The film is essentially about a past-her-prime actress, Nikki (Laura Dern), who has been given a career-reviving role in an upcoming film, the script of which is based on a Polish Gypsy tale that is said to be cursed. Before long, Nikki and the viewer get caught up in a labyrinthine narrative that jumps between the main plot, the plot of the film that’s being shot, and the dark recesses of Nikki’s mind as she worries about a potential affair with her co-star while slowly losing herself in the role of her character.
This is an overly basic explanation, and can’t possibly prepare you for the overload of disjunctures, disturbing motifs, rabbit-people, Polish circus-folk, lost girls and other puzzling imagery that Lynch throws at you. But if you don’t obsess too much on trying to piece every single piece of this puzzle together, and allow yourself to get lost in the utterly absorbing mood of the film – that is in turns nightmarish and serene, intimate and distanced – then you’ll find Inland Empire to be an incomparably powerful film experience.

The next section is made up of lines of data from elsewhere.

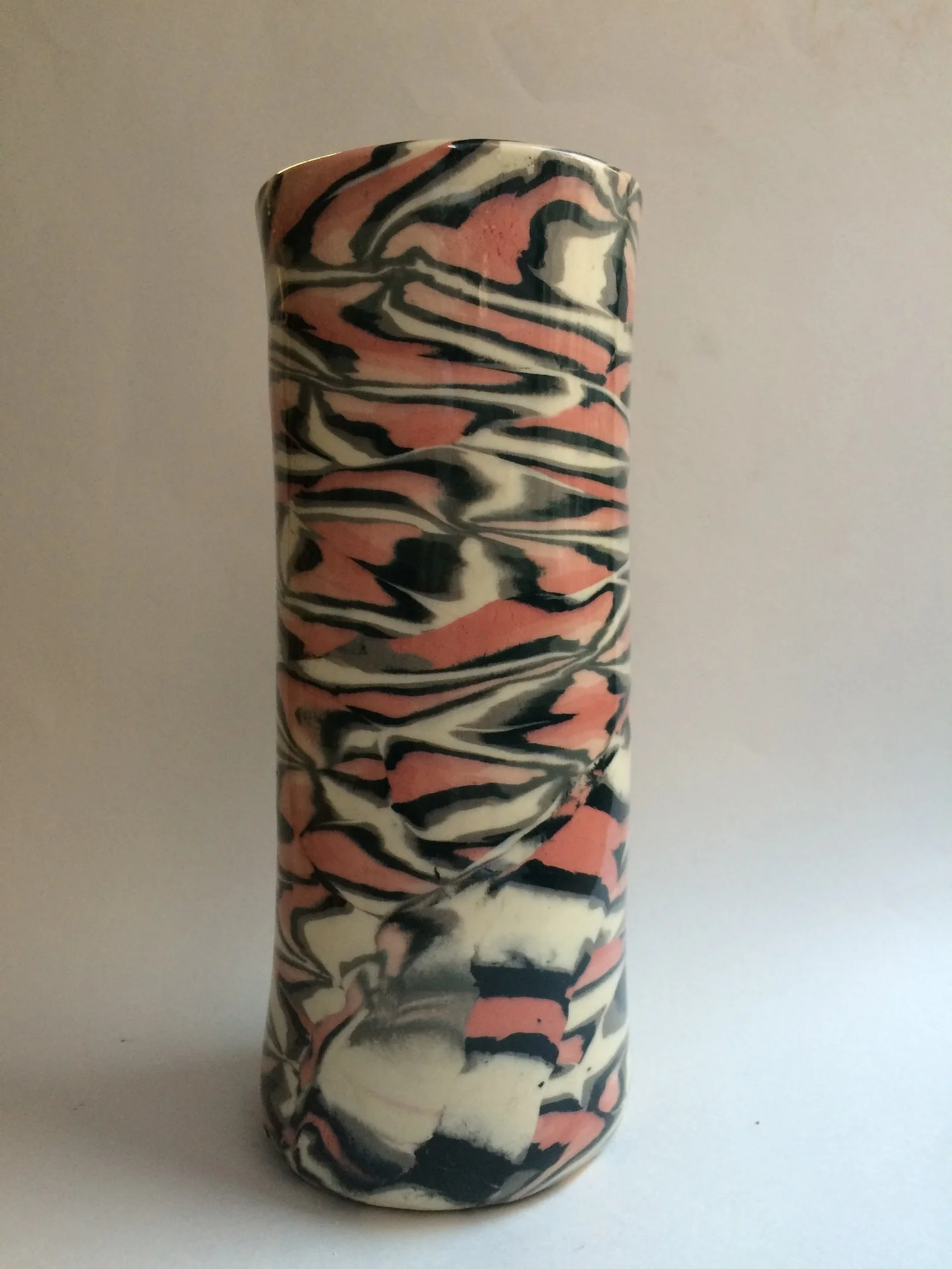 I was like, OK, maybe since I’ve been doing nerikomi for about ten years, maybe I’ve run my course, even though I really don’t feel like I have. I used to have so many ideas constantly that I would end up making multiple blocks [of colored nerikomi clay] at the same time because I was like, Oh, this is going to be dope, oh shit, I’m gonna do this. I was really, really excited when I would come in and then make stuff.
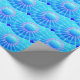 Twelve point mandala pattern gift wrap in a satin gradient of overlapping discs centering around a spoked wheel of stars - shades of turquoise / peacock and aqua, accented with soft violet
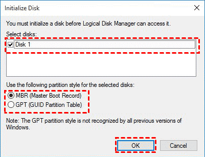 2. A pop-up will ask you to initialize the disk—choose GPT (GUID Partition Table).
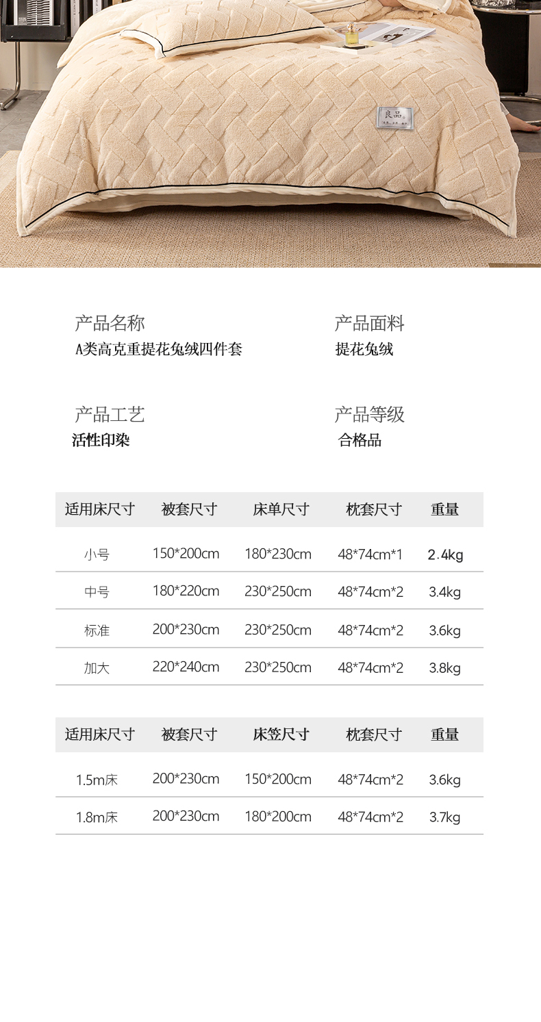 商品名称:(总)耐思家纺 2024新款加厚提花兔绒四件套
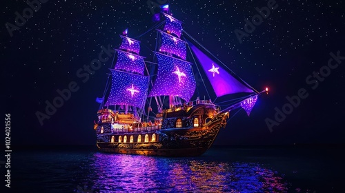 © Jiraporn, Naklejka premium A vibrant pirate ship illuminated by dazzling lights, gliding over calm waters under a starry night sky.
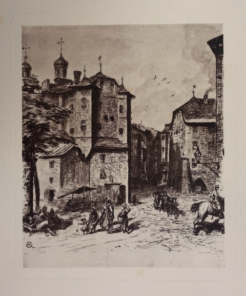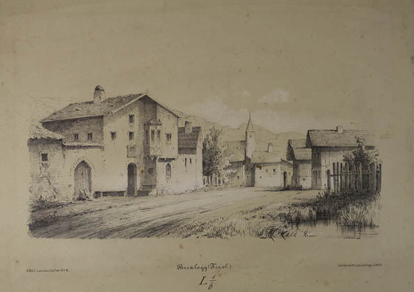 Brixlegg (Tirol). Lithographie von Anton Doll aus "Landschaften" No.6. Karlsruhe Verlag J. Veith um 1870, 18 x 32 cmNicht in Nebehay-W.- Sehr seltene Detailansicht.- Der Landschaftsmaler Anton Doll (* 3. März 1826 in München; 2. Mai 1887 ebenda) war ein Vertreter der Münchner Schule. (Tyrol, Tirol) |
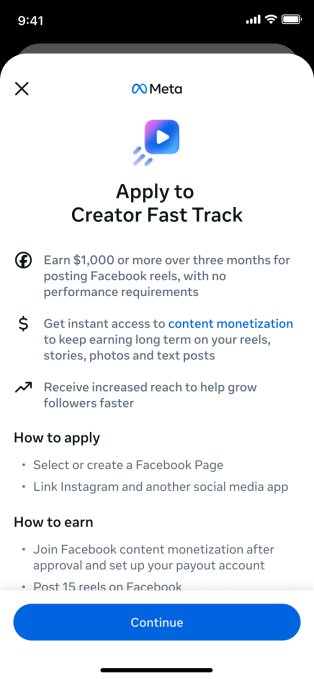 O programa também dá aos criadores qualificados acesso imediato às ferramentas de monetização de conteúdo do Facebook, sem exigir que eles atendam aos critérios usuais da plataforma, como uma contagem mínima de seguidores, permitindo-lhes continuar ganhando com as postagens mesmo após o término do programa Creator Fast Track.

Technically, Inland Empire is outstanding. The basic look of the film has a low-budget, almost sitcom appearance to it, but this is layered with jarring jumps between scenes (and time periods), moody lighting, and sound effects that send waves of foreboding and dread up the spine. When all these elements come together, Inland Empire creates an atmosphere more ominous than that of any horror film, even though it can hardly be categorised as such. Lynch uses all his cinematic experience to have us lose ourselves in this film, in the film within the film, and everything else on the side.
For all its twists and turns, Inland Empire has a strong sense of closure, which has an almost cathartic effect after what at times can be a harrowing experience. Yet, while the ending does give some welcome clarity to the film, as well as providing a reference point for piecing together the preceding events, the true power of the film is apparent on a more sensual level.

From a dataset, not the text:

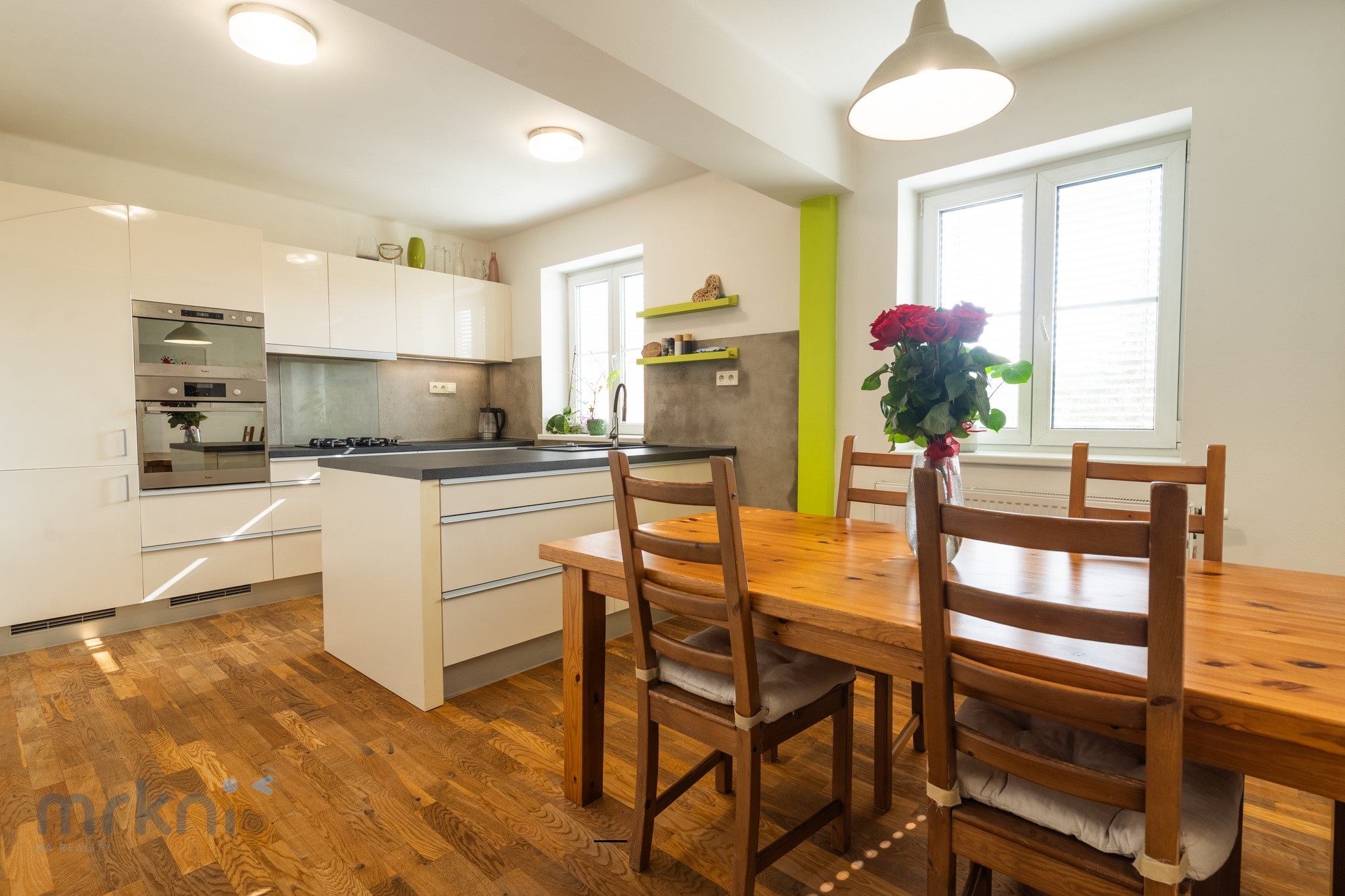 Dispozici tvoří obývací pokoj, ložnice a dětský pokoj s vestavěným nábytkem, připravený pro dvě děti. Prostorná kuchyně s ostrůvkem a jídelním stolem je ideálním centrem rodinného života. Koupelna je vybavena vanou i sprchovým koutem s kaleným sklem a podlahovým vytápěním, takže nabízí pohodlí i praktičnost.

If anything, the film points to narrative as being a secondary aspect of cinema, with many sequences of dialogue being self-consciously disjointed and off-setting. Taking privilege here is the plethora of dark feelings that Inland Empire evokes in the viewer; feelings that are imposed on us by Lynch’s mastery of cinematic technique and which can only be obtained through the medium of cinema. That’s what makes Inland Empire a truly ‘filmic’ achievement.
Best scene: Too many to choose from.